Todos pensamos, até um certo momento, que vamos permanecer eternamente aquela criança de sete ou oito anos adorada pelos pais e rodeada pelos amigos.
Eu própria pensei que ia ser uma mulher tão séria como era em menina mas preenchi todos os momentos vazios com vícios e sorrir, e quando digo sorrir refiro-me àquelas gargalhadas bem dadas acompanhadas pela típica inocência de estar na flor da idade... bem, sorrir tornou-se num acontecimento cada vez mais escasso.
E fico ainda mais triste quando penso que já pensei que fui verdadeiramente feliz e já não penso mais. No fim das contas culpo a vida quando é que sou culpada desta sina.
Já não sou adorada pelos pais e, apesar de ter amigos, sinto-me rodeada por demasiadas caras desconhecidas com identidades duplas.
E, com a idade, vieram os preconceitos, os dogmas, as mentalidades, os julgamentos, as segundas intenções e de repente parece tudo tão falso e de plástico.

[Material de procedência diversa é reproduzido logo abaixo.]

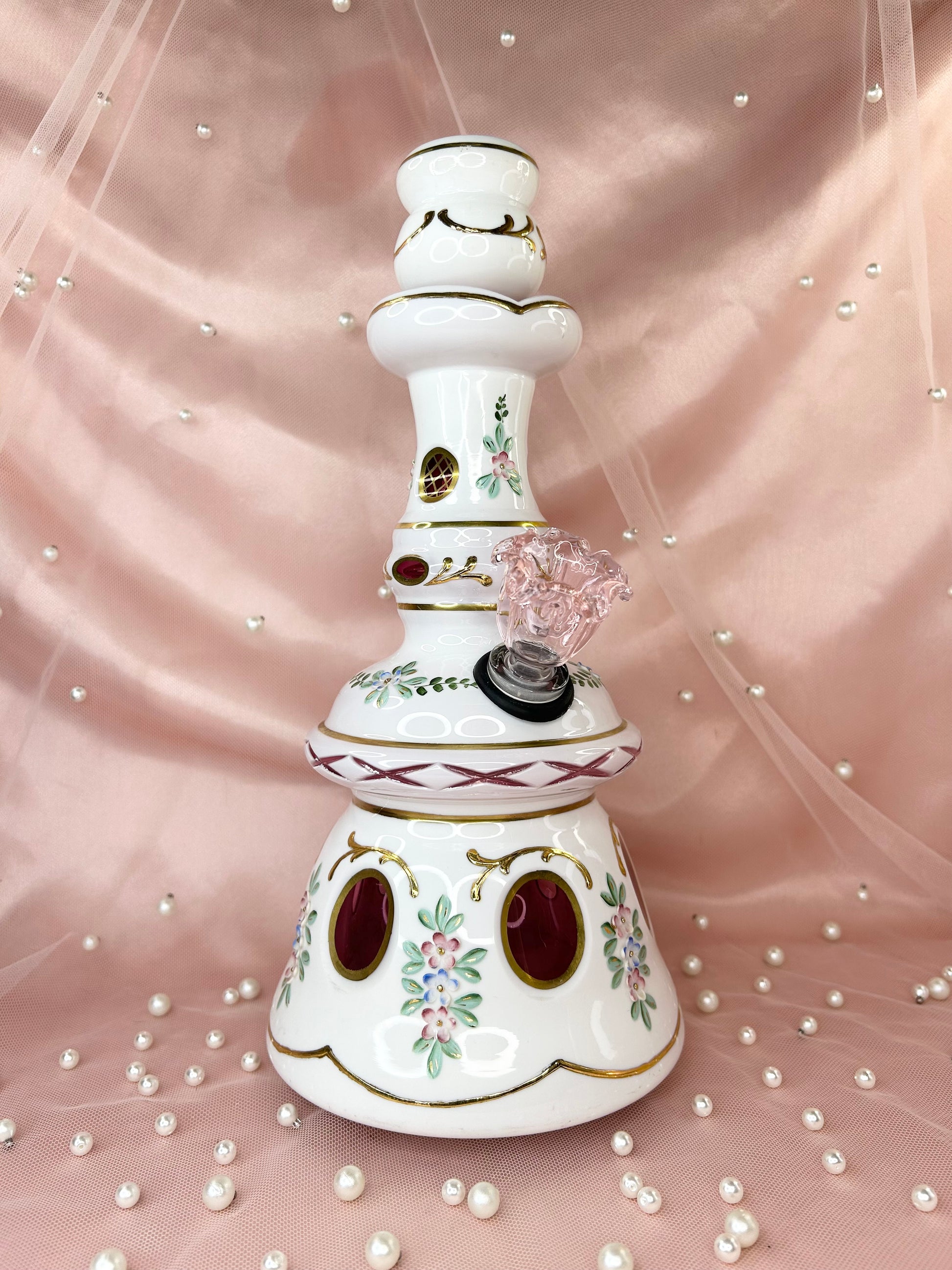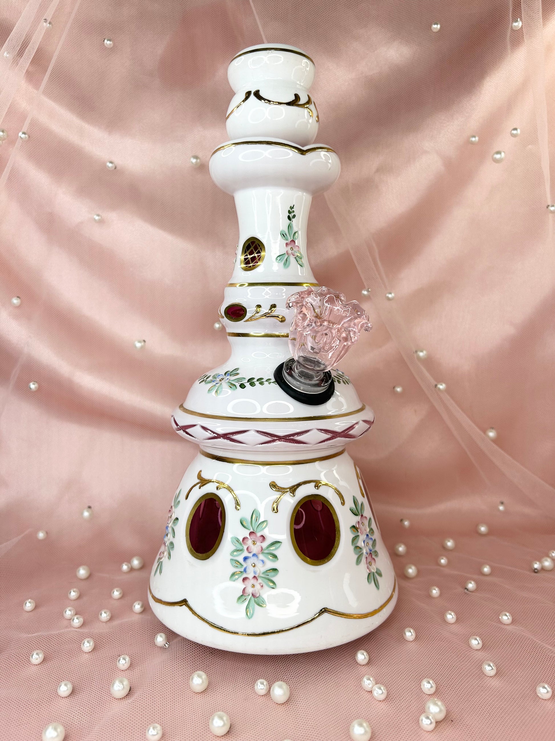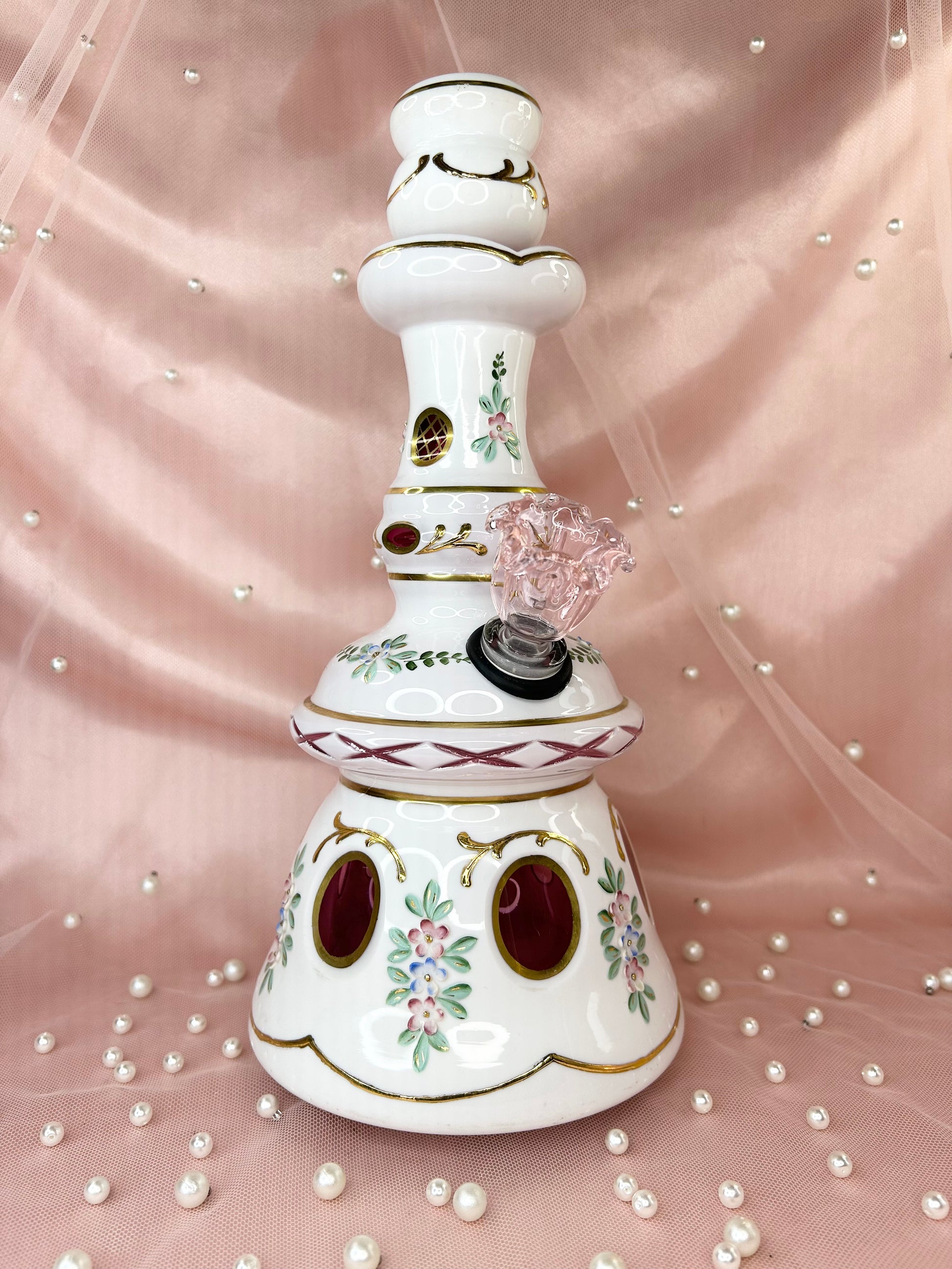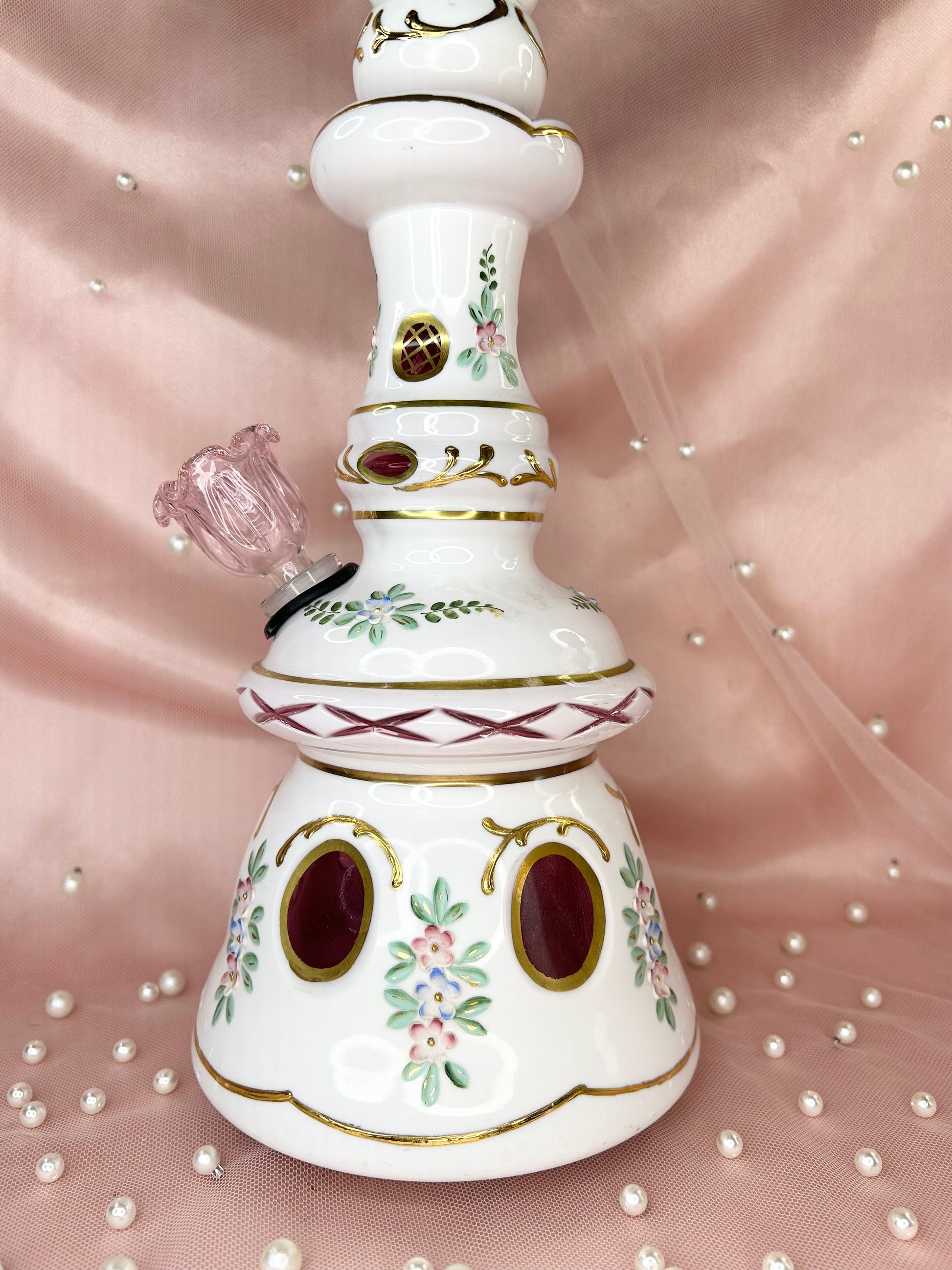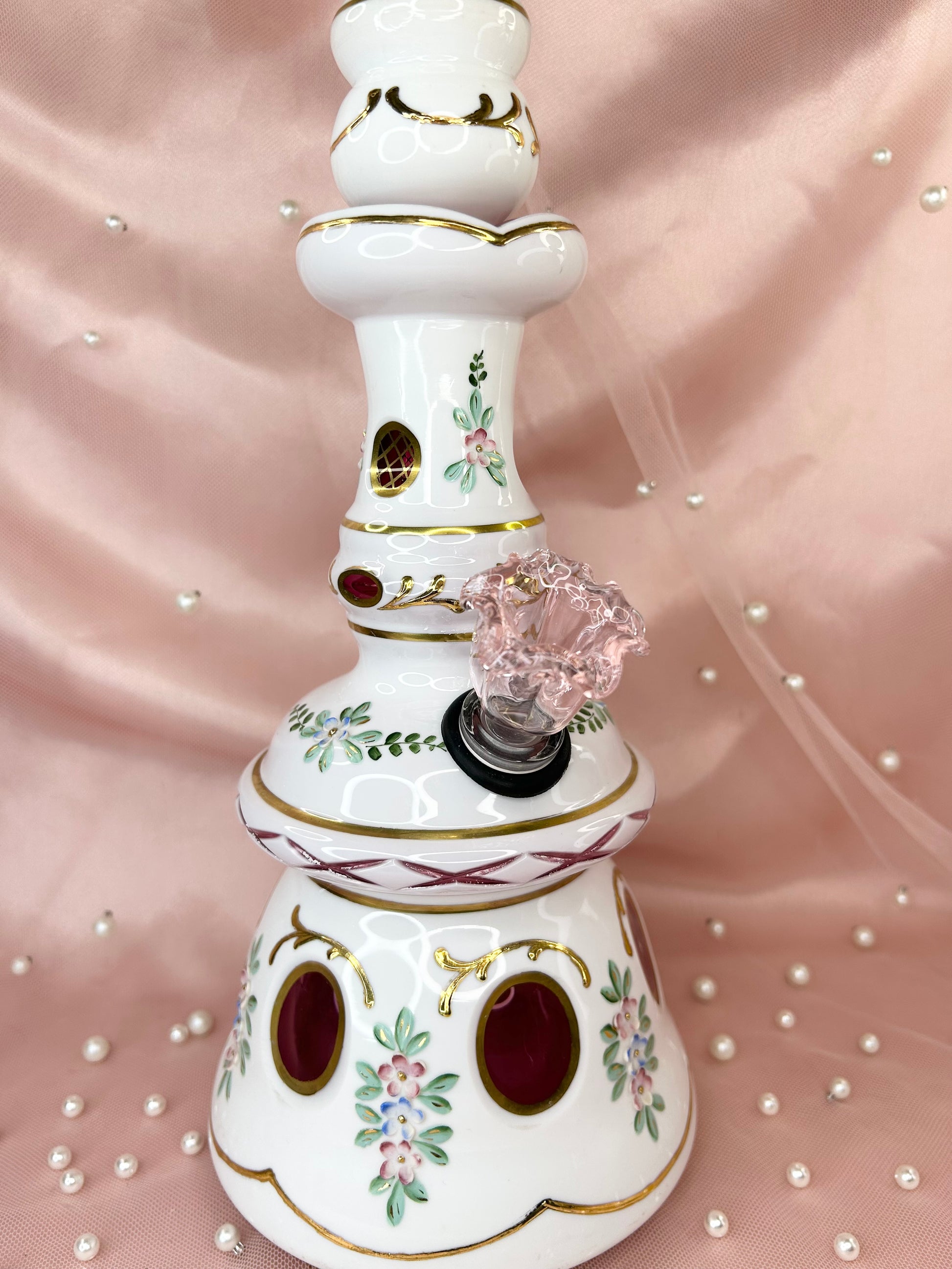 - Includes 14mm pink glass flower bowl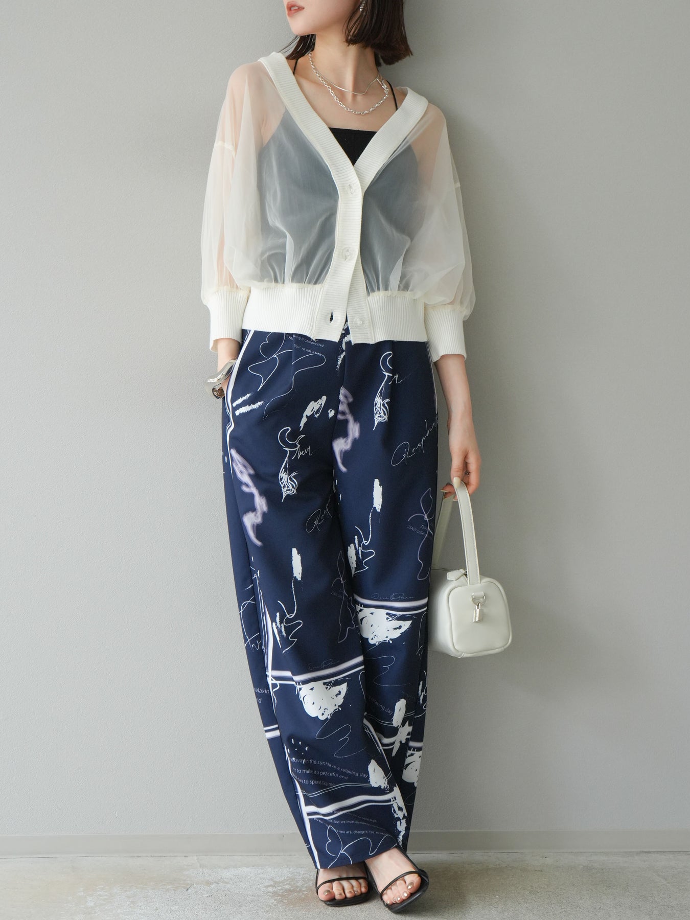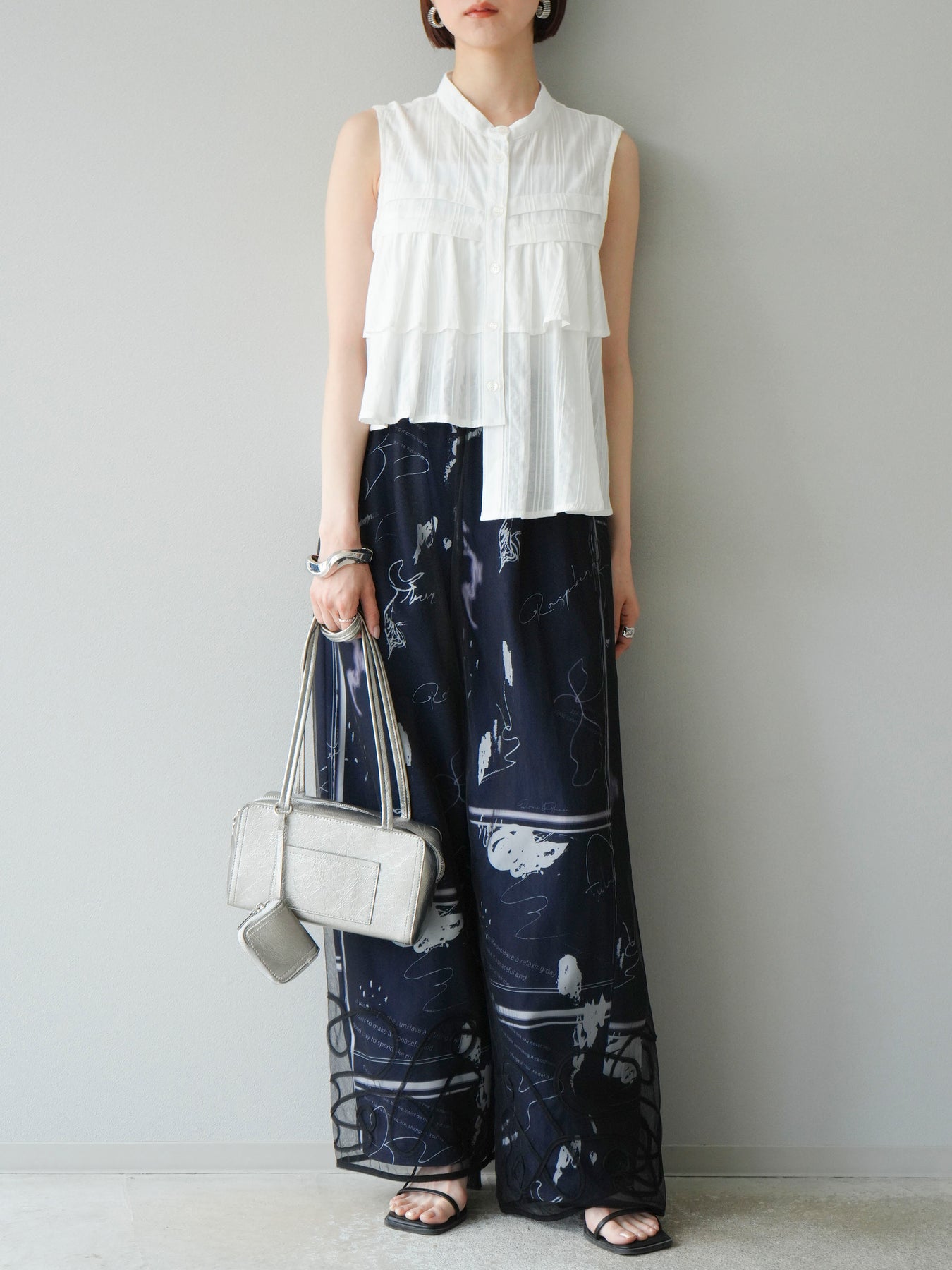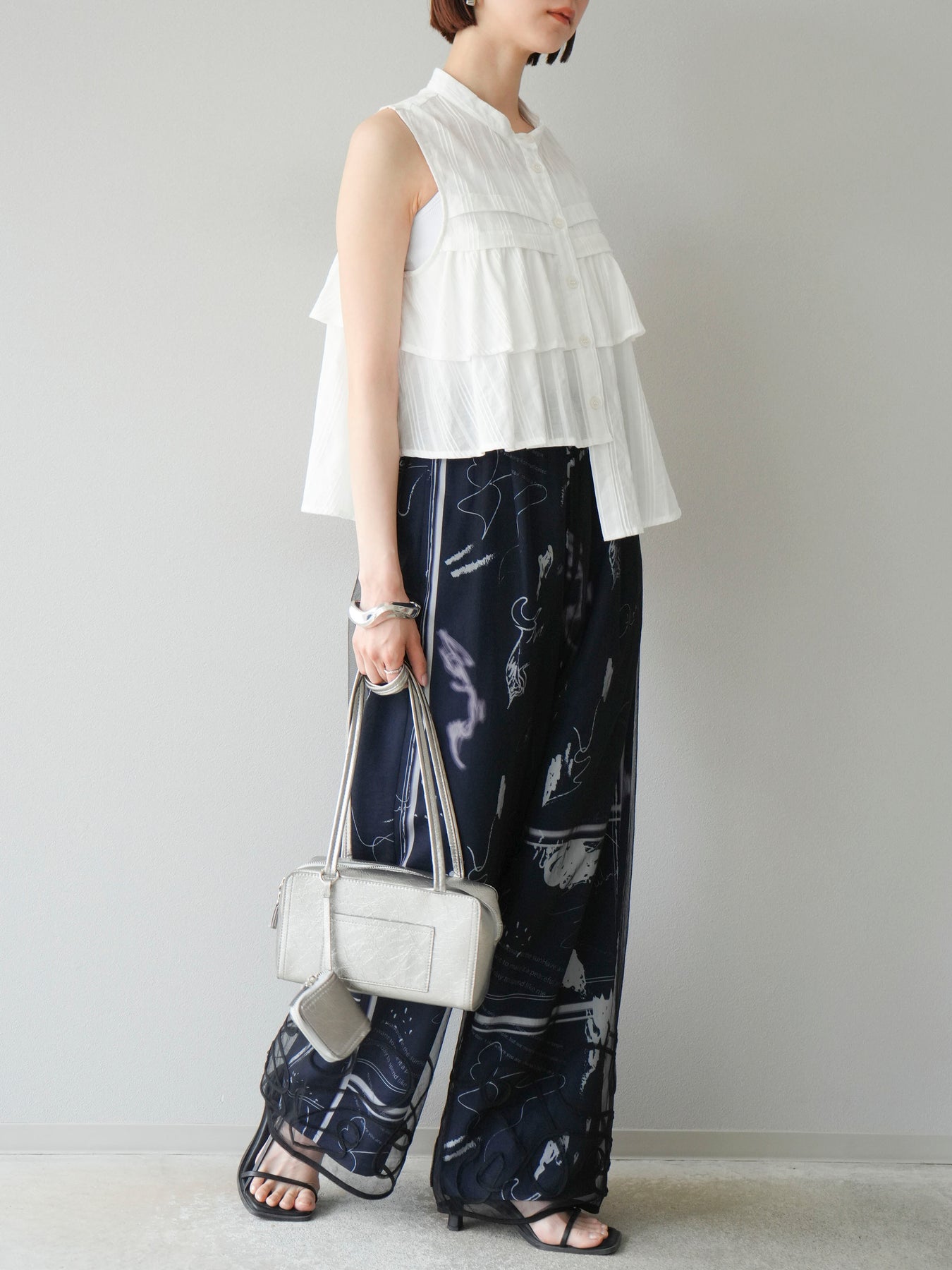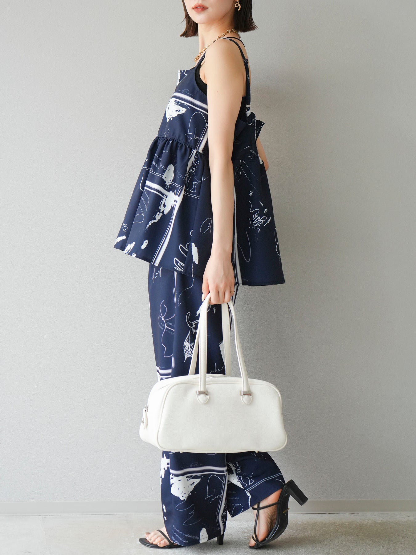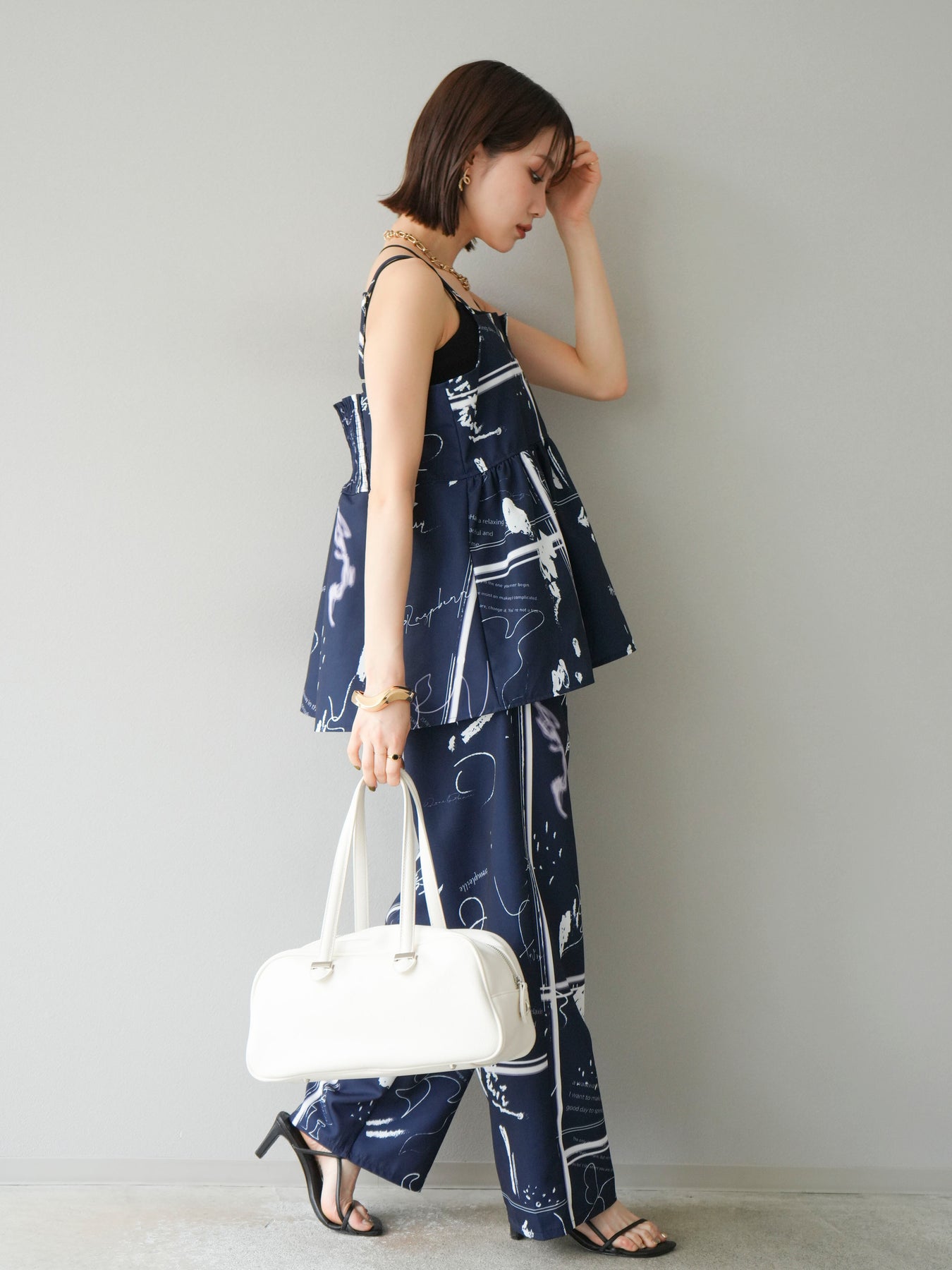 アーティスティックなペイント柄が目を惹く、感度高めなキャミソールトップス。 細めのストラップと切り替えギャザーで、女性らしさとリラックス感を兼ね備えたデザインに仕上げました。 目を引くグラフィックながらも、モノトーン配色でコーディネートに取り入れやすいバランス感が魅力。 フロントの直線的なカットが個性を加えつつ、裾のふんわり広がるシルエットで軽やかさも演出します。 セットアップのボトムとの着用はもちろん、デニムやワイドパンツ、スラックスとも好相性。 1枚でトレンド感を取り入れられる、夏の主役トップスです。

Supostamente saímos do casulo, vemos o mundo, experimentamos tudo o que esta vida nos tem para dar... sinto que ao mesmo tempo me tiraram a liberdade. Quer dizer, onde estão as correrias, as brincadeiras? Onde está a felicidade que pensava ter? Onde estou eu?
Com a idade tornei-me na mulher que em menina jurei não ser porém já não há volta a dar, o mundo já não tem o mesmo encanto e eu já não sei quem sou.